▸ Recorded information
+ + + +

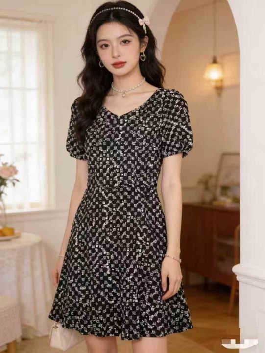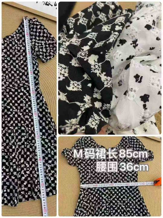 法式方领泡泡袖连衣裙96件8.5,
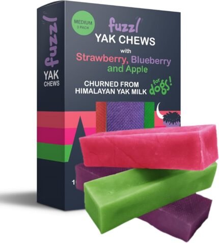 Box of 3 Apple, Blueberry, Strawberry Yak Chews for Dogs | 225g | Natural Himalayan Cheese Dog Treats | Long-Lasting, Grain-Free, Vitamin & Antioxidant-Rich Dental Chews
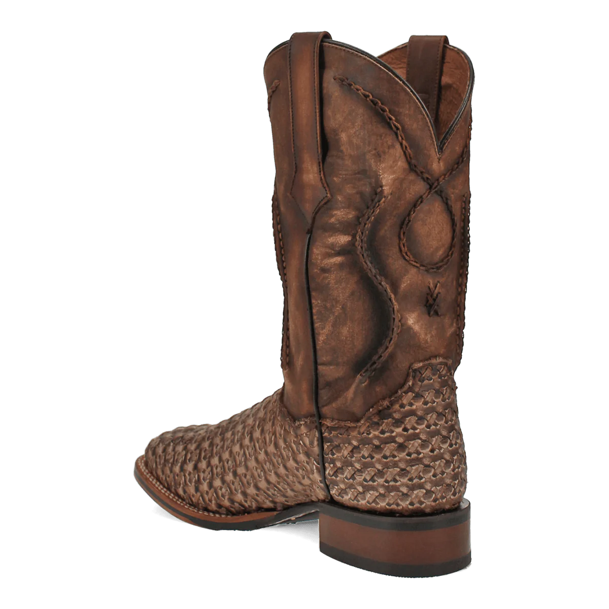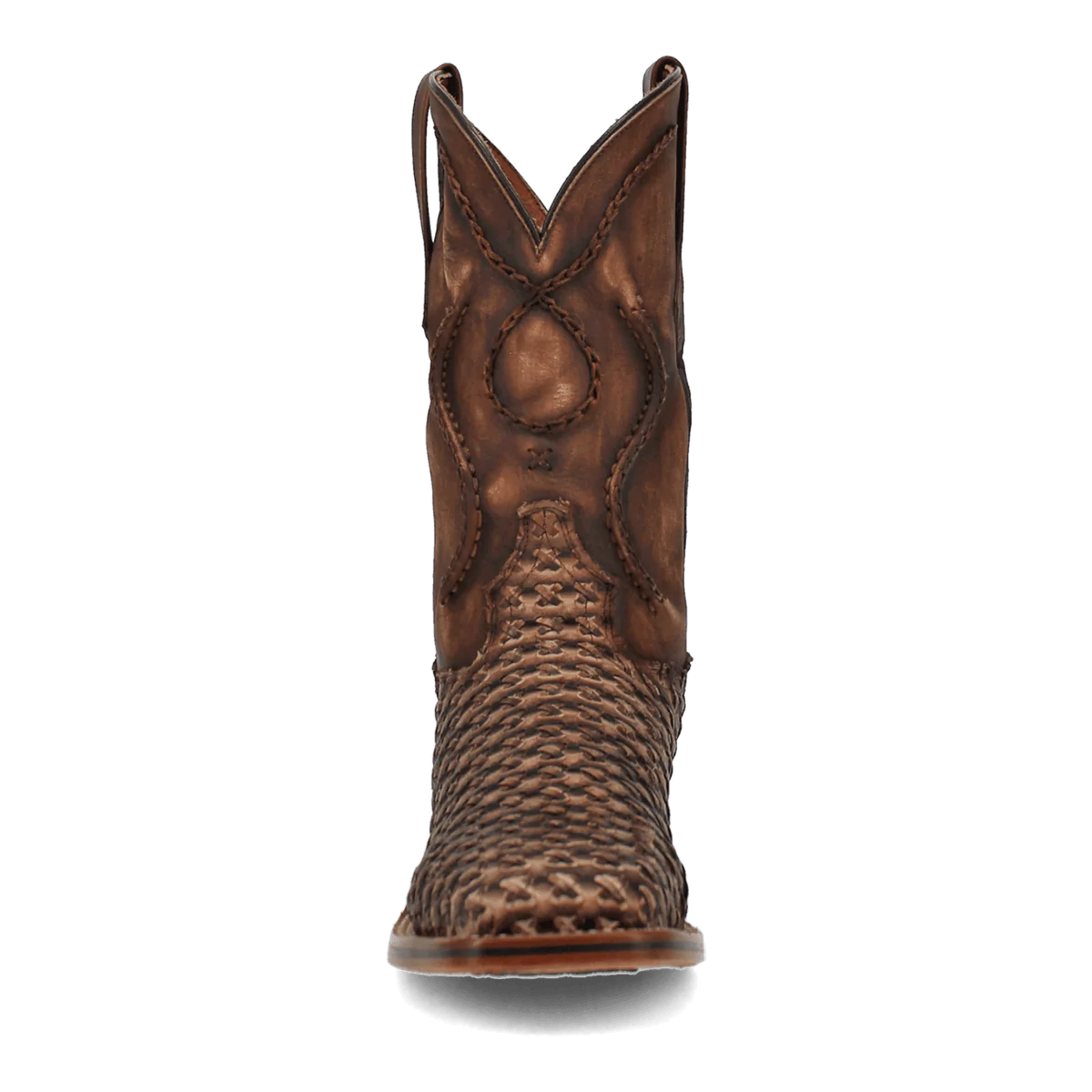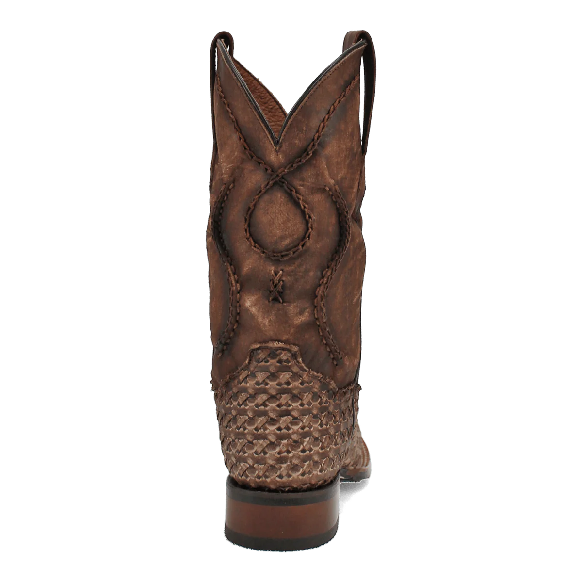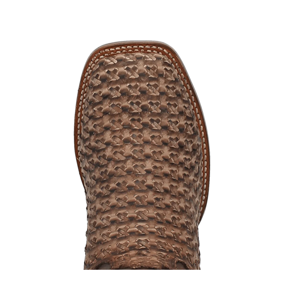 Craftmanship is front and center on the Cowboy Certified Stanley boot. The tan distressed upper has hand corded leather lacing. The foot is an intricate eye-catching woven leather design. The Soft Strike removable insert gives comfort from the first step. Featuring our popular broad square toe, stockman heel and long-wearing Cowboy Certified outsole. Innovative western design from top to toe.

+ + + +

▸ What the exercise asks
In full and without change, repeat the material above, minus the pictures.

▸ Exercise response
 法式方领泡泡袖连衣裙96件8.5,
 Box of 3 Apple, Blueberry, Strawberry Yak Chews for Dogs | 225g | Natural Himalayan Cheese Dog Treats | Long-Lasting, Grain-Free, Vitamin & Antioxidant-Rich Dental Chews
 Craftmanship is front and center on the Cowboy Certified Stanley boot. The tan distressed upper has hand corded leather lacing. The foot is an intricate eye-catching woven leather design. The Soft Strike removable insert gives comfort from the first step. Featuring our popular broad square toe, stockman heel and long-wearing Cowboy Certified outsole. Innovative western design from top to toe.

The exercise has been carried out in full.